Stella Nyanzi came to UCT with a five-year backlog of writing she wants to catch up on.
Between work, trying to complete a host of books and songs, slogging away on a doctoral thesis, being a mother to a young baby and the duties that come with a large extended family, the Ugandan anthropologist and writer finds few opportunities for putting pen to paper. "The problem is that there's just no time for writing," she laments.
That's a gripe common to the six scholars and writers recently welcomed by the African Gender Institute (AGI) as the latest and last intake of its five-year old Associate Programme. Established in 2000 and funded by, among others, the Rockefeller Foundation in New York, the programme set out to give women intellectuals in Africa the chance to break free from their routines, and instead spend a few months at UCT to work on research or writing projects of their choice.
Which is why the group couldn't sing the praises of the AGI enough for the time and headspace to read, research and write without distraction over the next few months. "I am just so grateful and privileged to be here," said Dr Eunice Nyamasyo, director of the Centre for Gender Studies at the Kenyatta University in Kenya. These words were echoed, almost verbatim, by each of the others as they start their stints at UCT.
The associates' projects are varied, but all centre on gender concerns. Anne Kiome-Gatobu, also of Kenya, will look at socio-cultural and religious issues related to domestic violence against women in her country. Mweru Mwingi, the third Kenyan in the group but based in South Africa, will examine the extent that girls take up science and technology education in Kenya. Anthropologist Nyanzi's work will be on ritual sex and policy among the Buganda people in Uganda. Chiedza Musengezi, founder member and director of NGO Zimbabwe Women Writers, will focus on women prisoners, comparing the experiences of women in Zimbabwe with those in South African prisons. Nyamasyo of Kenyatta plans to document the construction and production of gender studies at Kenyan public universities. And Dr Angela Chinyere Nwagbara of Nigeria, who did her doctoral thesis on author Wole Soyinka and the way he portrays women in his novels, will include Soyinka's other prose, as well as his poetry and non-fiction, in a new analysis.

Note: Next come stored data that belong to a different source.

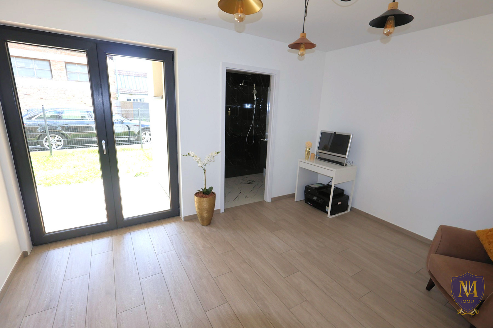 Au rez-de-chaussée : une entrée, un local technique, un cellier, un bureau/chambre également accessible à la terrasse + jardinet et une salle d'eau équipée;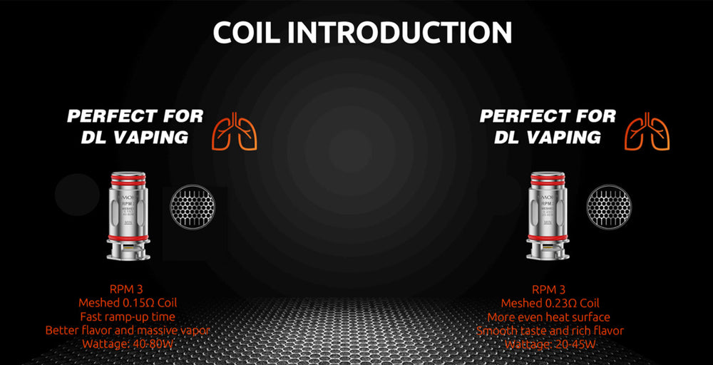 Smok RPM 3 Replacement Coil features a 0.15ohm and 0.23ohm mesh coil and is installed in a press-fit manner, which is designed for Smok RPM 5 & RPM 5 Pro Kit to have an MTL vape, 5pcs a pack.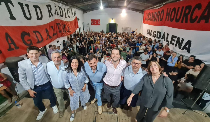 El intendente y candidato a diputado nacional Lisandro Hourcade, encabezó el acto de cierre de campaña en Magdalena, acompañado por Juan Manuel López y Elsa Llenderrozas, referentes nacionales de la Coalición Cívica (CC) y la Unión Cívica Radical (UCR).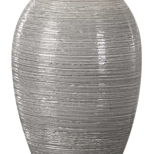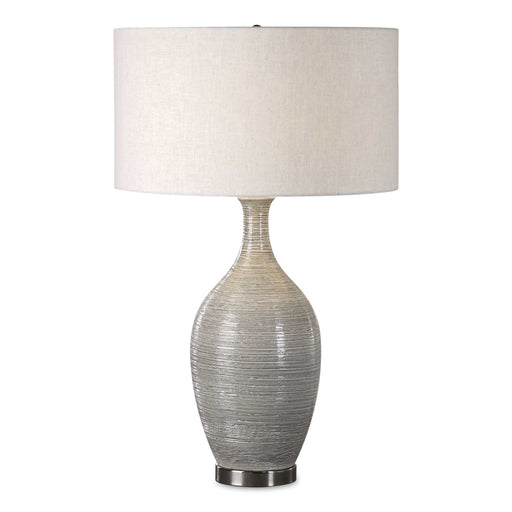 UttermostThis Ceramic Base Features A Coarse, Horizontal Texture, Finished In A Mushroom Gray Glaze, Accented With Plated Polished Nickel Details. The Round...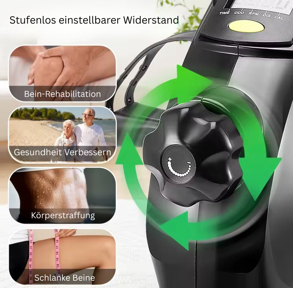Der magnetische Mini-Pedaltrainer eignet sich hervorragend für sanftes Bewegungstraining, etwa zur Aktivierung der Muskulatur oder zur Unterstützung der Mobilität. Durch den stufenlos einstellbaren Widerstand lässt sich das Training individuell anpassen – ideal für Einsteiger, Senioren oder den Reha-nahen Einsatz.

Naturally, the AGI is sad to see the successful but resource-intensive associate programme come to a halt, says Professor Amina Mama, chair of gender studies at UCT. But, she adds, the project has spawned a series of just-as-successful initiatives at the AGI, such as the journal Feminism Africa and regular interactions with scholars, which will go on unabated. "It's about what you choose to do at any given time, given the constraints," she told the new associates.